Missing a hospital outpatient appointment can delay recovery and rehabilitation, as well as being costly to the NHS and preventing someone else from being seen.
For these reasons work was carried out at Edenbridge and District War Memorial Hospital, to see why some patients staying there for a short time, after being discharged from acute hospitals, were nearly missing their outpatient appointments at other hospitals and clinics – and to see how improvements could be made.
The aim, at Kent Community Health NHS Foundation Trust (KCHFT), was to make things better for patients, in line with the trust’s We care strategy and to reduce the time the ward clerk was spending chasing outpatient appointment information.
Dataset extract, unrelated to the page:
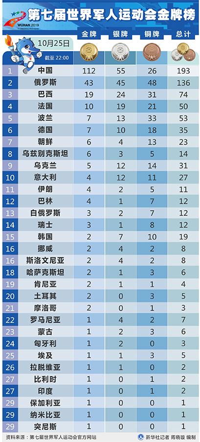 25日比賽結(jié)束后,中國軍團(tuán)以112金55銀26銅繼續(xù)位居金牌榜和獎牌榜首位,俄羅斯隊(duì)以43金45銀48銅位居金牌榜和獎牌榜次席,巴西隊(duì)以19金24銀31銅位居金牌榜和獎牌榜第三。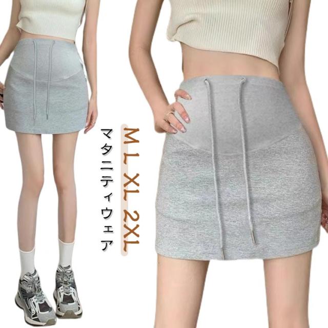 妊婦服 ウエストゴム スカート 紐 ストレッチ マタニティウェア マタニティ ハイウエスト タイトスカート スウェットスカート 無地 妊娠 マタニティスカート 春 夏 秋 部屋着 ショート丈 ミニスカート ボトムス 高見え

On occasions, it could take up to two hours to track information down, for just one person.
With some, the issue was that appointments were being sent to home addresses, when the person was in hospital. The patient and colleagues at Edenbridge hospital were then reliant on family, friends or neighbours picking up the post and passing the information on.
Speciality Doctor Rumbidzai Chineka and ward clerk Rachael Tufo, who led the work, also found clearer information on the electronic discharge note would help, along with the different systems used by hospitals and healthcare providers being able to share information better.
The pair put a number of changes in place. These included:
- asking families and carers to share information which had gone to a home address
- asking acute hospitals to add more detailed information to the electronic discharge note
- the ward clerk having access to a range of patient information systems
- the ward clerk arranging for some appointments to be carried out virtually, where possible
- community hospital staff knowing who to contact at acute hospitals regarding outpatient appointments.
The work was carried out between July 2022 and July 2023.
Dr Chineka said: “We found that the electronic discharge notice might say an outpatient appointment had been made, but it didn’t say where or when. We would then have to spend a lot of time chasing these details, if the patient did not know.
“The systems we were using didn’t pick up all appointments and we found that some orthopaedic virtual fracture clinics and some specialist appointments did not appear.
“However, since we have made changes, things are now much better and have greatly improved. Another thing that helped was that in the patient welcome pack we added a note to families to let us know of any appointments coming up which they were already aware of.
“We’ve been very proactive, as knowing when appointments are coming up gives the team time to organise attendance.”
Next, the improvement will be shared with KCHFT’s other community hospitals. Issues around there being further improvements to IT systems being synchronised across the trust have been raised with the KCHFT RIO super user group. RIO is the trust’s Electronic Patient Record (EPR system.
The work was carried out as a quality improvement (QI) project. Dr Chineka has previously completed the trust’s QI Fundamentals training. A driver diagrams and plan, do, study, act (PDSA) cycles were used to help with the project, as well as there being support from QI advisor Robyn Shelmerdine.